It looks like Loadbalancer is similar as what was originally proposed (in my first post) with one difference, there is a direct has_one feature association instead of an indirect has_many.

For reference later:
Scenario A
20 Smart Proxies each pair in their own cluster behind a loadbalancer, all with Puppet, Puppet CA, Pulp, OpenSCAP, RemoteEx features.

Scenario B
3 Smart Proxies with Puppet feature
GroupA with Smart Proxy 1 & 2
GroupB with Smart Proxy 2 & 3


This is going to result in a lot of Loadbalancers objects, for example in scenario A I’m going to end up with 120 Loadbalancers*, this is a lot and unnecessary, let me explain…

Without that direct feature association in scenario A your have 30 Loadbalancers (though I called these SmartProxyGroups or Routes)

Under the original proposal I suggest the following solutions to your concerns:

how to deal with the fact that there might be some features at the proxy that could not be replicated over the others in the group (a.k.a proxy1 and proxy2 are setup in HA for Puppet, but PuppetCA is only at proxy1 )
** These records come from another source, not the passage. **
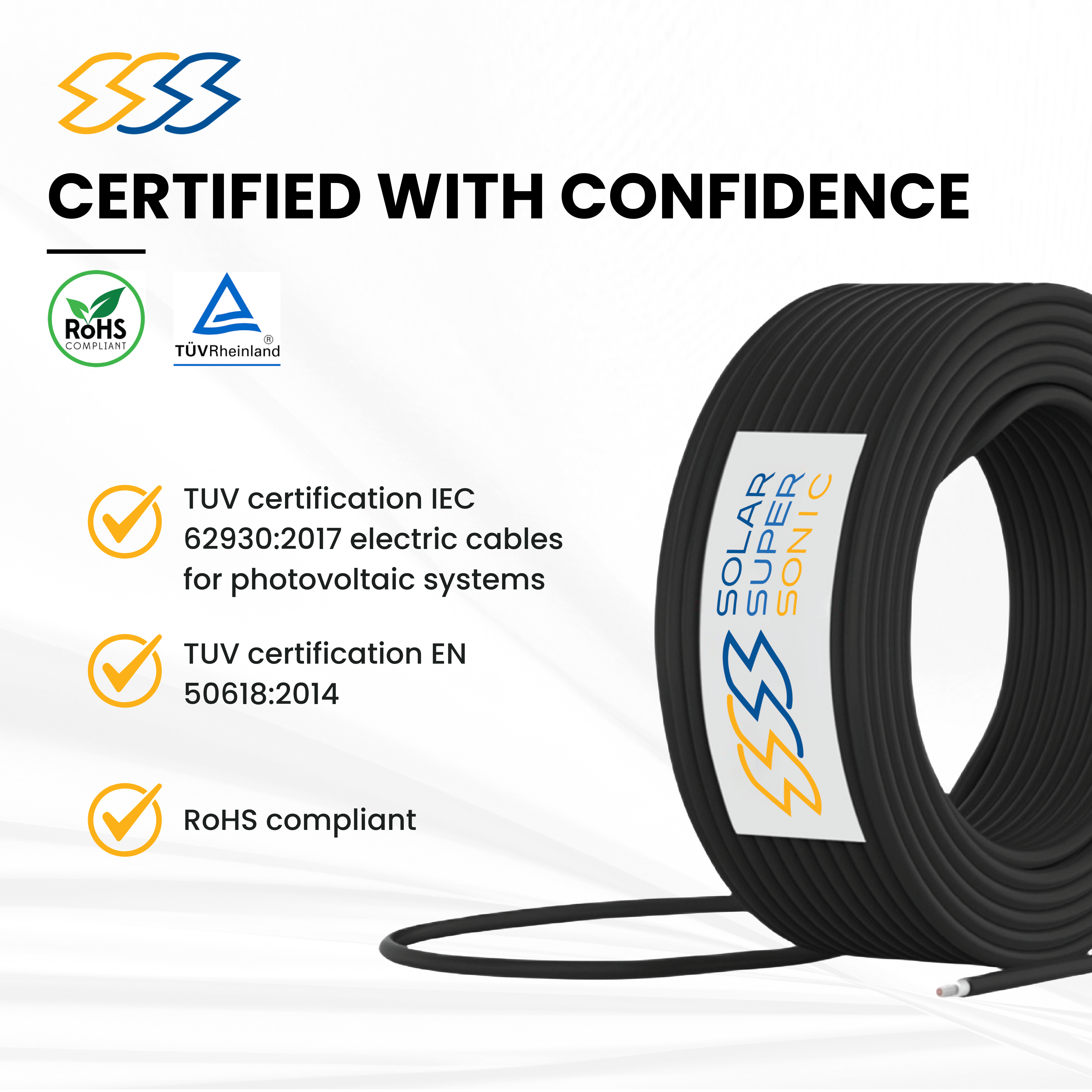 - Certifications: TUV EN 50618 and TUV IEC 62930. Meets IEC62930 and EN50618 standards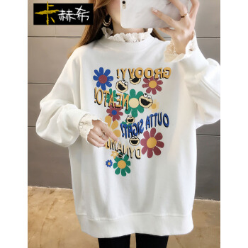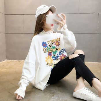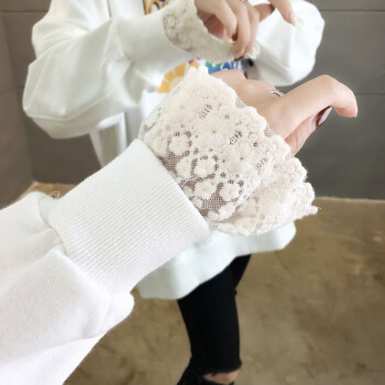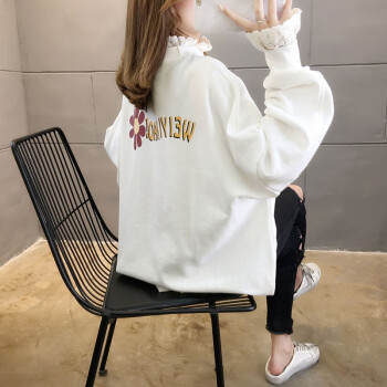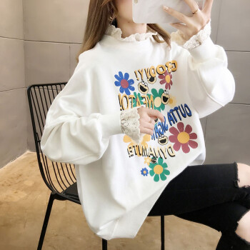 卡赫希卫衣女2020春秋季新款时尚休闲宽松韩版潮ins春秋装蕾丝百搭薄款假两件上衣女5002 白色 请拍正确尺码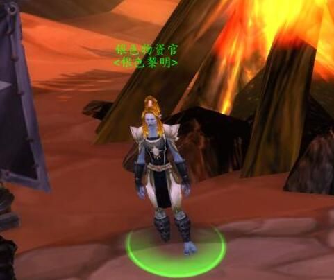 银色军需官位置如图,部落这边叫银色物资官,在正门广场的大篝火边上(有可能被打死了还没刷新,原因懂的都懂),除了售卖三件绝版饰品之外,还出售布皮锁板四类绝版护甲的肩手部位,单号毕业需要刷118个死灵符文(算了交任务那10个)。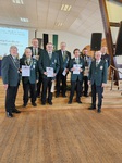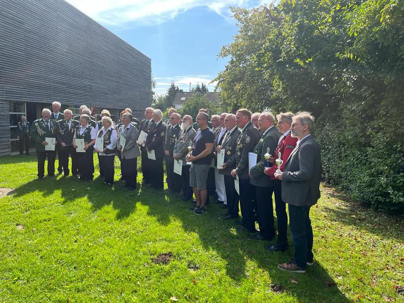 Auch heute wurden noch einige Auszeichnungen verliehen - nun von der Vereinsmeisterschaft 2023. Michael Wahl erhielt Bronze für KK und LG. Silber erhielten Steffi Kreimer (LG), Sabine Philipp (KK + LG), Kai Merkel (LP) und Sven Rahlmeier (KK + LG). Mit Gold wurden Ela Steeb (KK + LG), Elke Heitkamp (KK + LG), Sabine Lohan (LG), Jonas Rolfsmeier (LG), Gerald Laker (LP), Myles Kollmeier (LP), Andreas Justen (LG), Lars Brindöpke (LG) und Mathias Kollmeier (KK + LG) ausgezeichnet. Außerdem erhielten Jonas Rolfsmeier, Kai Merkel und Sabine Lohan die grüne Schnur inklusive Eicheln und Holger Millhoff die silberne Schnur inklusive Eicheln.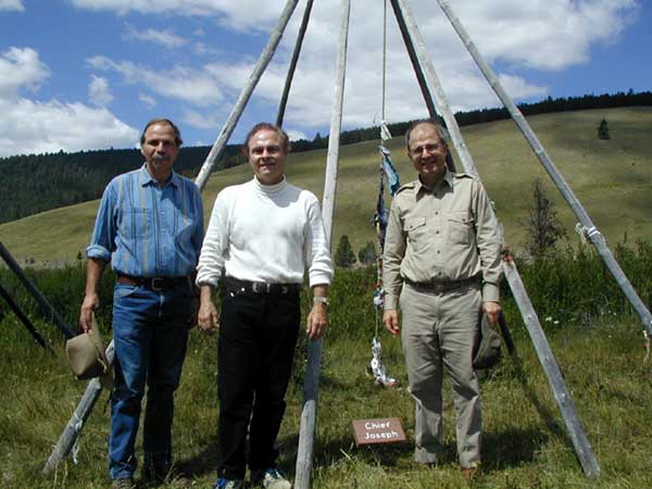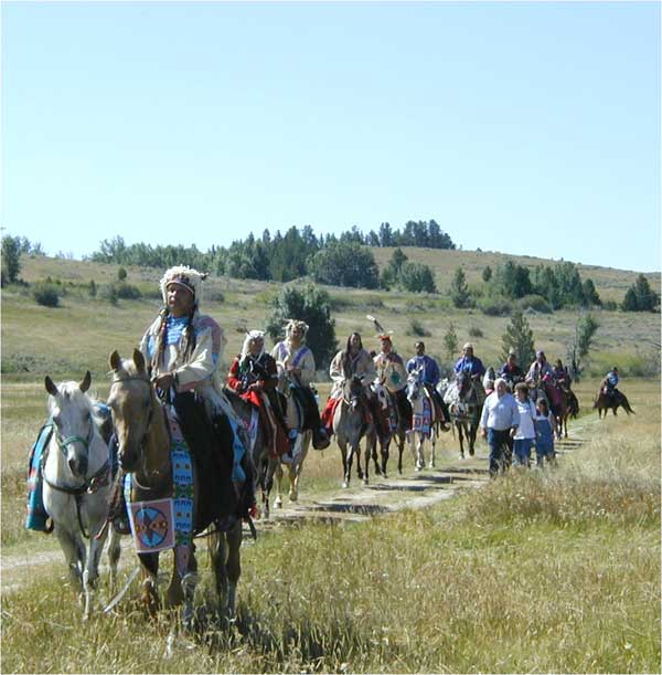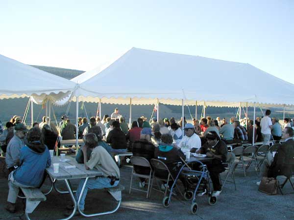 Big Hole National Battlefield Commemorates the 125th AnniversaryThe commemorative events to remember the 125th anniversary of the Battle of the Big Hole were held August 9-11, 2002 at the Big Hole National Battlefield. The weather was perfect with clear blue skies and crisp nights. The first Montana snow of the season had fallen over the mountains days before the event creating a picture perfect backdrop. Descendents of battle participants from both sides of the fight were present for the three-day event. A dinner in their honor was given the evening of the 9th, hosted by former Superintendent Jon James. Jerry Greene, Friends’ Advisory Board member and author of Nez Perce Summer 1877, made a presentation about the battle. The guests were also privileged that evening to attend the premier of the new NPS documentary about the battle, "Wéet’u Ciklíitukt, There Is No Turning Back." The following morning opened with the Nez Perce pipe ceremony at the site of the village. As the crowd gathered they soon noticed, approaching from the hills, the Nez Perce Appaloosa Horse Club dressed in their best regalia. It was an incredible site. Throughout the three days there were many other events such as Nez Perce storytellers, pitching tipis and soldier shelters, ranger-led tours throughout the battlefield, food (Indian tacos and fry bread), and bugle call demonstrations. The highlight, by far was the 10:00 P.M. – 12:00 A.M. candle light vigil of August 9. For the first time in 125 years there was light, in the middle of the night, in the Nez Perce village. 160 luminaries were placed along the path through the village to remember all the wounded and killed from both sides. Walking through the village with only candles to light the trail was a once in a lifetime experience. And the view from the vantage point high above at the visitor center looking toward the village below was quite a site. It was a great circle of soft light. Below we present a few photos of the events. We hope you enjoy them. Photos © Bob Reece

We would make those only possible to select a SmartProxyGroup/Route/Loadbalancer with 1 Smart Proxy in for those features. TBH even Puppet CA is probably possible with Shared Storage or GFS2 so I’m not even sure about that.
I’m also not sure we should activity stop people from trying something when it might work, unless there’s is defiantly a limitation making it impossible. But we don’t need a direct has_one feature association, we could limit selection to SmartProxyGroup/Route/Loadbalancer with 1 Smart Proxy in.
We could document ways features can be made highly available and ones we feel shouldn’t or can’t be.

how to address the proxy in multiple groups issue

You may have groupA with SP1 & SP2 in using loadbalancer SP.example.com, but you may also want to use a-different-name.example.com to access the same group, which would require you create another group.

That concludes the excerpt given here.